Month: January 2023

Weights vs Activations

Why do Activations need more bits (16) than weights (8) ? source – https://stackoverflow.com/questions/72397839/why-do-activations-need-more-bits-16bit-than-weights-8bit-in-tensor-flows-n

Answer:

Activations are actual signals propagating through the network. They have nothing to do with activation function, this is just a name collision. They are higher accuracy because they are not part of the model, so they do not affect storage, download size, or memory usage, as if you are not training your model you never store activations beyond the current one.

For example for an MLP (middle layer perceptron ?) we have something among the lines of

a1 = relu(W1x + b1)
a2 = relu(W2a1 + b2)
...
an = Wnan-1 + bn

where each W and b will be 8bit parameters. And activations are a1, …, an. The thing is you only need previous and current layer, so to calculate at you just need at-1, and not previous ones, consequently storing them during computation at higher accuracy is just a good tradeoff.

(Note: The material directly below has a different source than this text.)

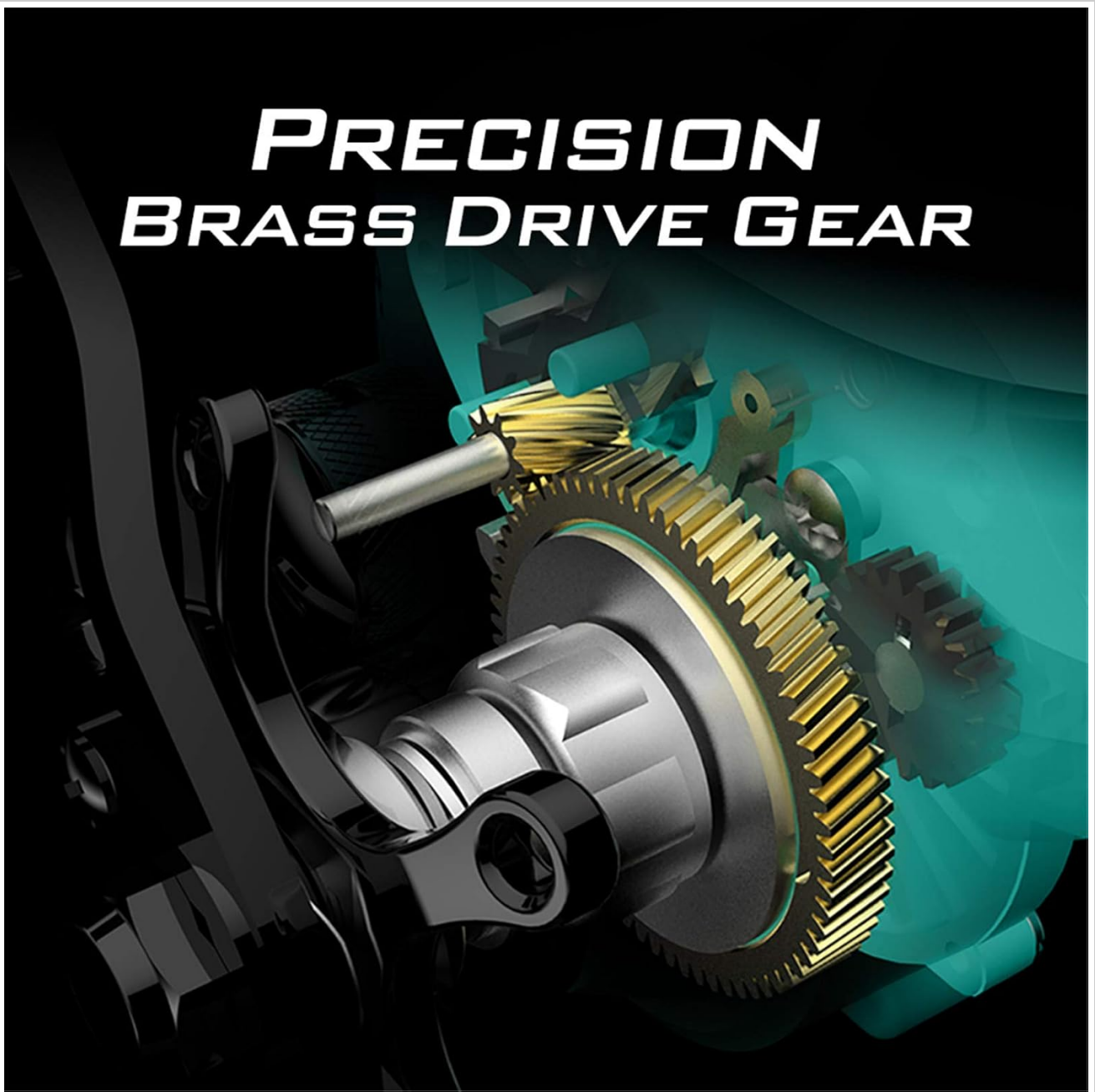
Figure 4.2: Precision Brass Drive Gear

Datastore for Activations:

  • During training, activations are typically stored in the GPU’s memory for models trained on GPUs. This is because backpropagation requires these activations for gradient computation. Given that modern deep learning models can have millions to billions of parameters, storing all these activations can be memory-intensive.
  • During inference, you only need to perform a forward pass and don’t need to store all activations, except for the ones necessary for computing subsequent layers. Once an activation has been used to compute the next layer, it can be discarded if not needed anymore.